** Task **
The records are to be copied from the line that contains "W środku znajduje" through their last line, word for word, with every picture left out.

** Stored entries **

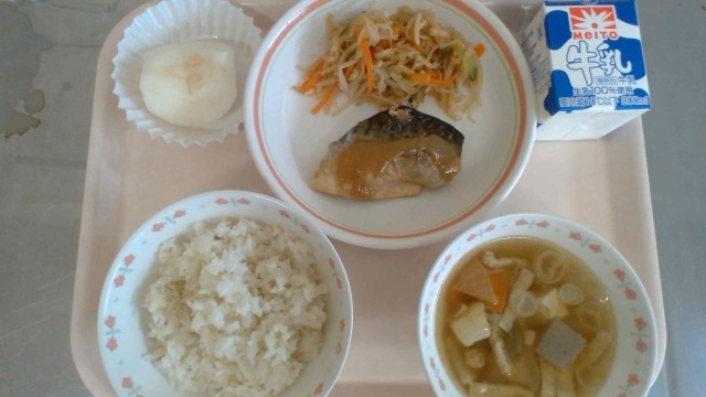 ・雑穀ご飯 ・サバの味噌煮 ・切干大根のごま酢和え ・けんちん汁 ・梨
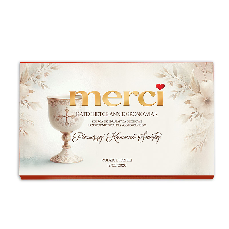 W środku znajduje się popularna bombonierka Merci z wyborem czekoladek w ośmiu smakach. To doskonały pomysł na prezent wręczany po uroczystości komunijnej – zarówno indywidualnie, jak i w imieniu całej klasy lub grupy dzieci. Personalizowana bombonierka merci to piękny i serdeczny sposób podziękowania katechetce za zaangażowanie, cierpliwość oraz prowadzenie dzieci do tego ważnego etapu ich duchowego rozwoju.
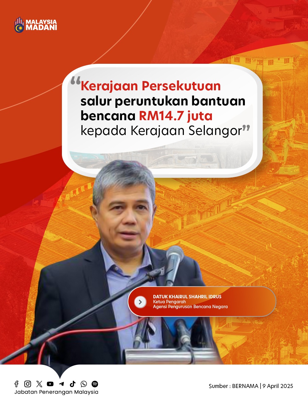 KERAJAAN PERSEKUTUAN SALUR PERUNTUKAN SALUR BANTUAN BENCANA RM14.7 JUTA KEPADA KERAJAAN SELANGOR
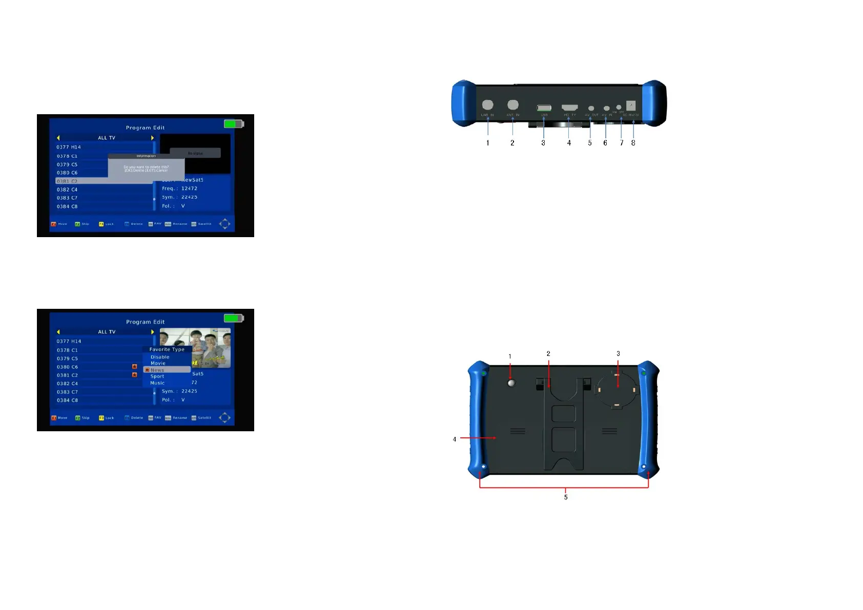1. Press [▲/▼] on channel list, select the channels which you want to edit in channel list by press [Blue/F4] Key.
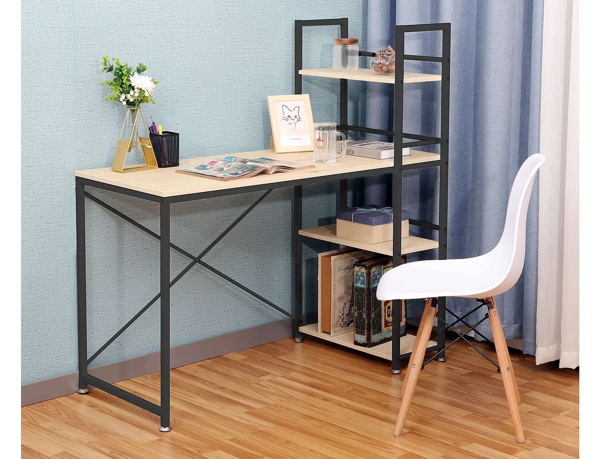 Kirjutuslaud, pealispind: lamineeritud plaat, raam: metall, värvus: tamm / must matt. Kõrgus koos pikendusega: 113cm

** Answer section **
 W środku znajduje się popularna bombonierka Merci z wyborem czekoladek w ośmiu smakach. To doskonały pomysł na prezent wręczany po uroczystości komunijnej – zarówno indywidualnie, jak i w imieniu całej klasy lub grupy dzieci. Personalizowana bombonierka merci to piękny i serdeczny sposób podziękowania katechetce za zaangażowanie, cierpliwość oraz prowadzenie dzieci do tego ważnego etapu ich duchowego rozwoju.
 KERAJAAN PERSEKUTUAN SALUR PERUNTUKAN SALUR BANTUAN BENCANA RM14.7 JUTA KEPADA KERAJAAN SELANGOR
1. Press [▲/▼] on channel list, select the channels which you want to edit in channel list by press [Blue/F4] Key.
 Kirjutuslaud, pealispind: lamineeritud plaat, raam: metall, värvus: tamm / must matt. Kõrgus koos pikendusega: 113cm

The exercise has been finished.